# 12v prop trigger



## Indyandy

Can anyone recommend a wireless 12v prop trigger for a pneumatic prop?


----------



## scoobycraig45

*wireless prop trigger*

you might try going to buttonbanger.com, he has a pretty cool wireless prop trigger setup for your prop....hope this helps.


----------



## BillyVanpire

for my first air prop i used an atx computer power supply i had laying around. most have 9v & 12v wires you can use. to remote control it i used a key-fob outlet controller.

http://www.walmart.ca/en/ip/indoor-power-outlet-with-remote/6000109955000


----------



## Indyandy

I don't have access to ac power, or I would. It needs to be stand alone on 12v.


----------



## BillyVanpire

Oh..battery powered and wireless. I misunderstood.


----------



## Wrexalot

Indyandy said:


> Can anyone recommend a wireless 12v prop trigger for a pneumatic prop?

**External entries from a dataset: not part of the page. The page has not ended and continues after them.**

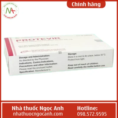 Tại Nhà Thuốc Ngọc Anh có bán thuốc Protevir 300mg giá 1.800.000VNĐ/ hộp. Nếu có nhu cầu mau sản phẩm, có thể liên hệ với nhà thuốc để đươc tư vấn mua hàng nhanh chóng.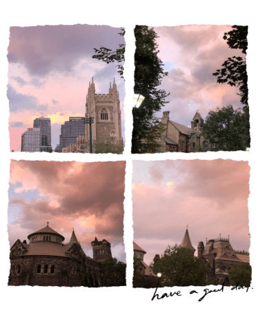 学习的地方在高级写字楼,这里每个人都穿着笔直挺立的西装,耳朵里塞着蓝牙耳机、手里握着starbucks争分夺秒似的匆匆路过,好像一不留神就会错过几百万的大单。我们跟着老师,上楼、摁电梯,11层,整个过程行云流水。上课中,老师做了简单的自我介绍,就开始了接下来的课程——R stdio,类似于国内C语言的一种高级计算机程序。由于存在一定的难度,大家上课时都聚精会神、皱紧眉头,拿出百分之百的精力去对待。八点,课后,一行人伴随着微风以及粉红色的夕阳,走在多伦多的街头。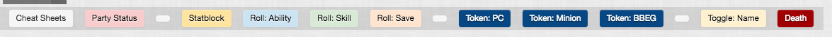 Remember to add /w gm or @{selected|wtype} to hide sensitive info from your players. WTYPE is an attribute used in the 5th Edition OGL character sheet, a prerequisite for most of these.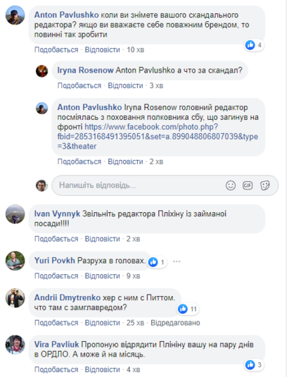 Заступниця головного редактора журналу Cosmopolitan Ukraine Євгенія Пліхіна на своїй фейсбук-сторінці висміяла похорон полковника ЦСО «Альфа» СБУ, 37-річного снайпера Дениса Волочаєва, який загинув, виконуючи бойове завдання на Донбасі.
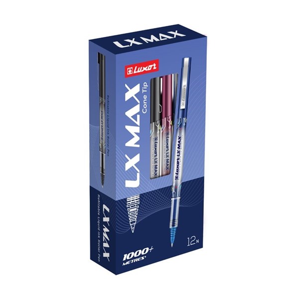 The Luxor LX Max Cone Tip Pen (Pack of 12) is designed for long-lasting, ultra-smooth writing performance. Equipped with advanced German ink technology, these pens deliver consistent ink flow for effortless writing every time. With waterproof ink available in Black, Blue, and Red, the LX Max pen ensures durability and clarity on paper. Built for both students and professionals, its cone tip design provides precision and comfort, while its long-lasting ink capacity (1000+ metres) makes it perfect for extended writing tasks. Reliable, smooth, and stylish – Luxor LX Max is your everyday writing partner.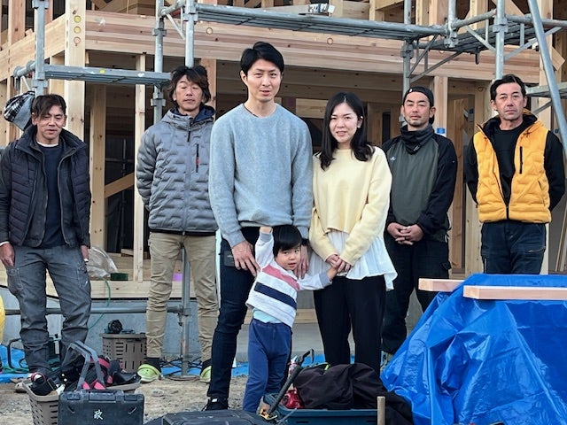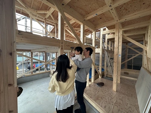 K様(ご家族の皆様)おめでとうございます(^^)/基礎だけの時は、小さく感じられたとのことで!上棟して建物の大きさをご実感頂き、良かったです。(*^-^*)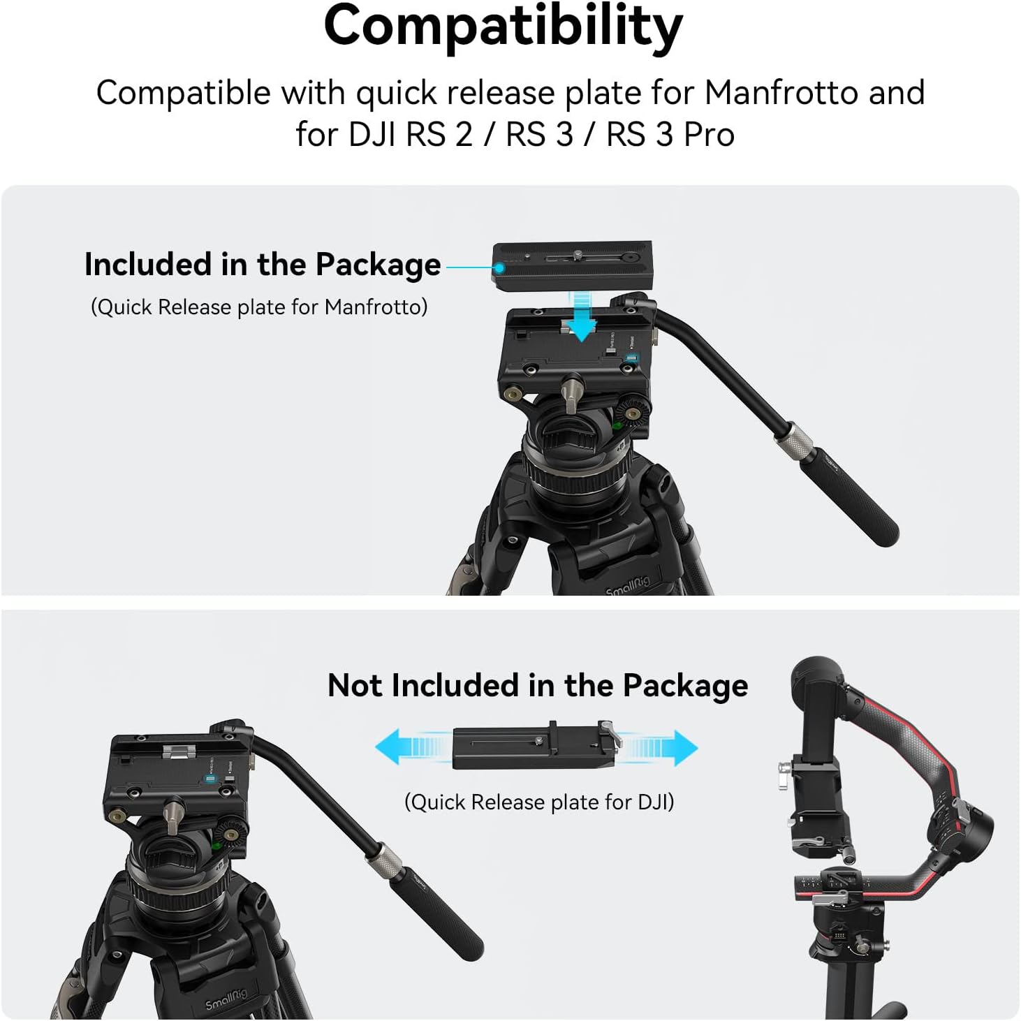 - Schnellmodusumschaltung: Der schwere Fluidkopf nimmt eine neu gestaltete Schnellwechselplattenhalterung mit Schnappverschluss an und kann eine schnelle Montage realisieren. Ausserdem ist es kompatibel mit DJI RS 2 / RS 3 / RS 3 Pro Schnellwechselplatte

I use these: http://www.ebay.com/itm/Wireless-Re...2-24V-8A-OY-/271897382098?hash=item3f4e58ccd2

It works great for a wide range of voltages and is CHEAP!


----------



## CelleCasey

Hi everyone...i am new to this forum. I am learning how to build the devices.
Can you please tell me for what kind of Pneumatic you are looking for? Also which type of power supply you will use? Are you looking for half valve controlled pneumatic?


----------